Modelling pharmacogenetic data in population studies during drug development
Adrien Tessier (1,2,3), Julie Bertrand (4), Marylore Chenel (3) and Emmanuelle Comets (1,2,5)
(1) INSERM, IAME, UMR 1137, F-75018 Paris, France. (2) Université Paris Diderot, IAME, UMR 1137, Sorbonne Paris Cité, F-75018 Paris, France. (3) Division of Clinical Pharmacokinetics and Pharmacometrics, Institut de Recherches Internationales Servier, Suresnes, France. (4) Genetics Institute, University College London, London, UK. (5) INSERM CIC 1414, Université Rennes 1, Rennes, France.
Introduction
Pharmacogenetics (PG) studies the proportion of interindividual variability (IIV) in drug response explained by genetic variation, investigating the link between genotype and pharmacokinetic (PK)/pharmacodynamic (PD) phenotypes [1]. In the hopes to personalise therapy, genetic data are now collected in many clinical trials in large arrays. For instance, the pharmaceutical company Servier developed a microarray that informs on metabolism enzymes and transporters polymorphisms. In early PK studies, genetic variation is often tested for an association with phenotypes estimated using noncompartmental analysis (NCA) [2], although nonlinear mixed effects models (NLMEM) are increasingly used in clinical trials. Currently, there is no consensus on methods to study the PG of drugs in clinical development. We investigated the methodology of PG analysis in PK early phase studies, to propose approaches enhancing the detection of genetic effects.
Objectives
- To compare the ability of different PK phenotypes to detect genetic effects.

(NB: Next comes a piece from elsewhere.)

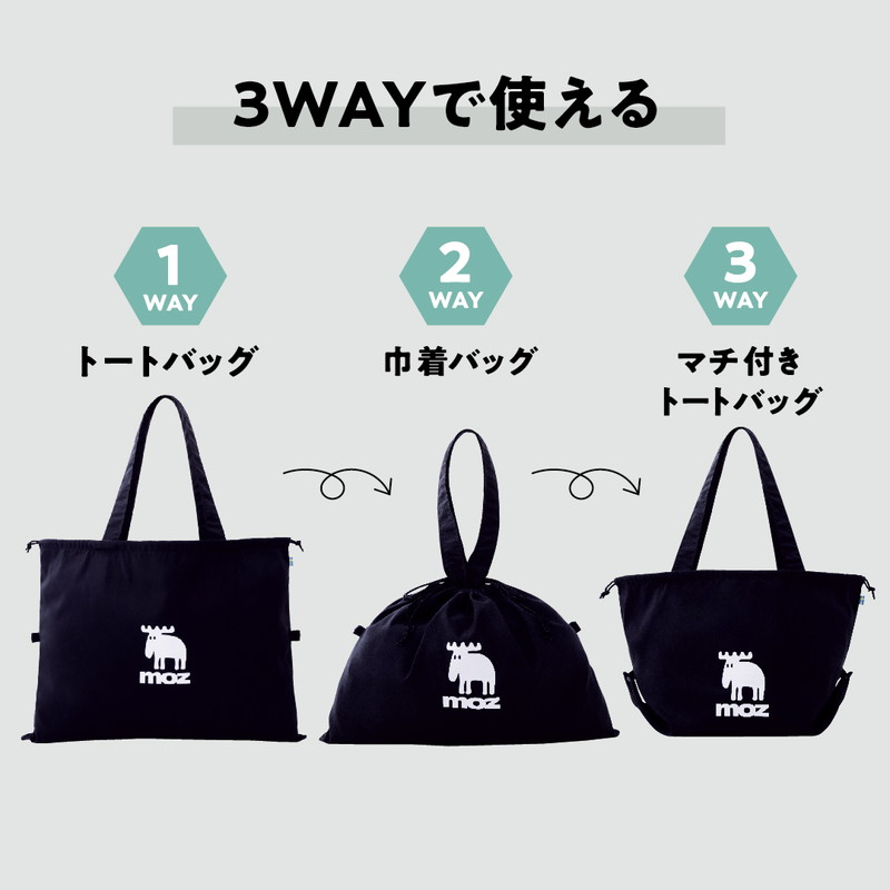 【1】 トートバッグ 【2】巾着バッグ 【3】マチ付きトートバッグの3WAY仕様で、用途に合わせて変形できる優秀バッグ。

- To assess the performance of different association tests.
- To improve PG analysis in small samples with large genetic arrays, through combined analysis of phase I and II data or using a PK phenotype enrichment approach.
We performed this study through simulations.
Motivating example
A case-study from Servier concerning a drug under phase I development was the setting for a series of simulation. The PK of this drug exhibited nonlinear bioavailability and a double absorption process. In the clinical studies, 176 Single Nucleotide Polymorphisms (SNPs) were genotyped through the microarray developed by Servier.
Methods
We used the genetic array and the PK model developed to simulate genotypes and PK profiles under the null (H0, no genetic effect) and an alternative hypothesis (H1). Under H1, 6 SNPs were drawn randomly to affect the log-clearance (CL) through an additive linear model. Each SNP explained a different proportion of CL IIV (between 1 and 12%, totally 30%).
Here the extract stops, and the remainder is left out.